The project also envisions marketing traditionally grown Zuni produce, fruits, poultry and honey to generate income for the community.

Another goal is to make locally grown traditional Zuni fruits and vegetables readily available again in the community. As consumption of these traditional foods has declined among the Zuni in the last few decades, diet-related conditions like obesity, diabetes and heart disease have increased, Patrick said.

In spring 2009, the project received $10,000 from a special state legislative appropriation designated for rural revitalization and $1,000 from the New Mexico State Parks Outdoor Education Program, said James Holloway, Public Education Department assistant secretary, Rural Education Division, who was instrumental in getting the funds allocated for the traditional Zuni agriculture revitalization project.

“This project is connected to the New Mexico Rural Revitalization Initiative, a larger effort we have in 27 school districts that are engaged in some type of improvement activities that we call ‘revitalization,’ and we work closely with NMSU Extension, and Dr. Michael Patrick in particular, on these projects,” Holloway explained.

“The projects do three things: revitalize interest in school-community partnerships, help instill pride and citizenship among students who get to give back to their communities, and they provide entrepreneurial activities that students might be able to make a living with some day,” he said.

“Each community decides what they want to do. We felt the Zuni traditional ag project met the Rural Revitalization Initiative’s requirements,” he said.

“And they are getting the parents involved. Here you have an opportunity for kids and adults in a community to work together to bring back cultural practices that have been gone for a hundred years,” Holloway explained.

“You’ve got agriculture, you’ve got Zuni history, you’ve got all those skills taught in the classroom, and they all come together in those little garden plots in the ground, in the waffle gardens at the schools in Zuni.

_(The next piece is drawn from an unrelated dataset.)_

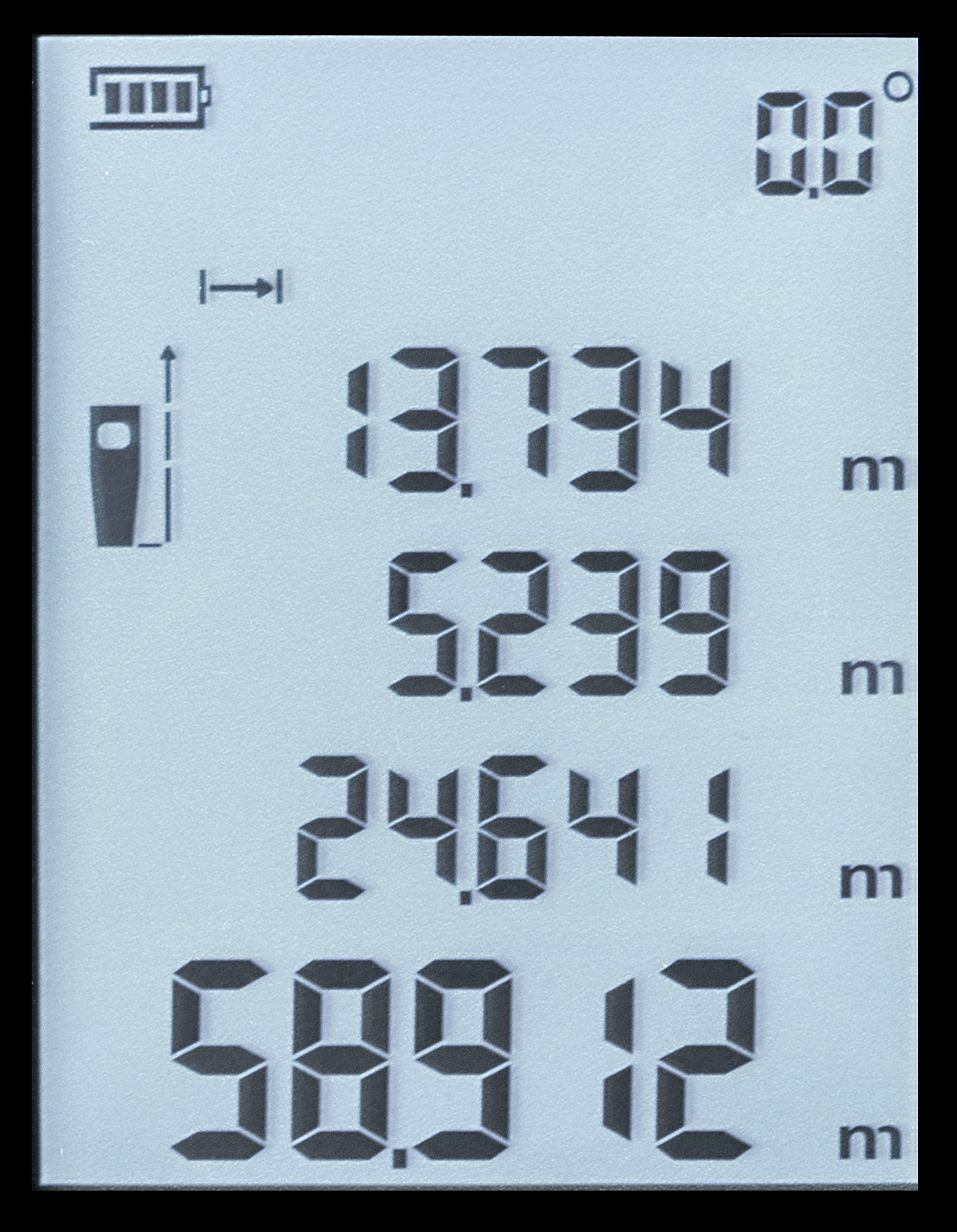 | Funktioner | Avståndsmätning Arealmätning Auto-avstängning Breddmätning Höjdmätning Indikator för låg batterinivå Måttbandsfunktion Pythagoras Volymmätning |

“We just felt that if we could help those kids, that would be a good thing,” he said.

And on Wednesday, a grateful Becker, with a contingent of his Zuni High School horticulture class students, traveled to Santa Fe to personally thank Holloway and the Rural Education Division for their financial support and for the help provided by Brenda Lyle-Gray, Rural Education Bureau education administrator, who works closely with students in the Zuni schools on this and other projects.

As a gesture of their gratitude, the students presented Holloway and his staff with produce from the horticulture class waffle gardens, arranged in student-made, traditional Zuni pottery pieces, along with jars of honey collected from the class beehives.

“Going to Santa Fe to thank Dr. Holloway and his department was really important for us to do. It was a great experience,” said Samantha Tsatie, Zuni High School horticulture student.

At the state fair, the class won first place for their comb honey entry and their green onion entry. They won third place for their junior garden display and for their filtered honey entry.

“I think the entire community of Zuni will be proud of what our students have achieved,” Becker said. “Winning at the state fair in our first year demonstrates that we can put out a quality product, not just any product. We’ll be back next year and will be entering in more categories.”

Becker plans for the horticulture course to be completely self-funding with revenue from the class’s beehives, which, with the addition of more hives in the coming year, are expected to bring in as much as $5,000 a year.

The Zuni High School horticulture class state fair entries can be seen in the agricultural products entry section of the Agriculture Building at the New Mexico State Fair through Sept. 27.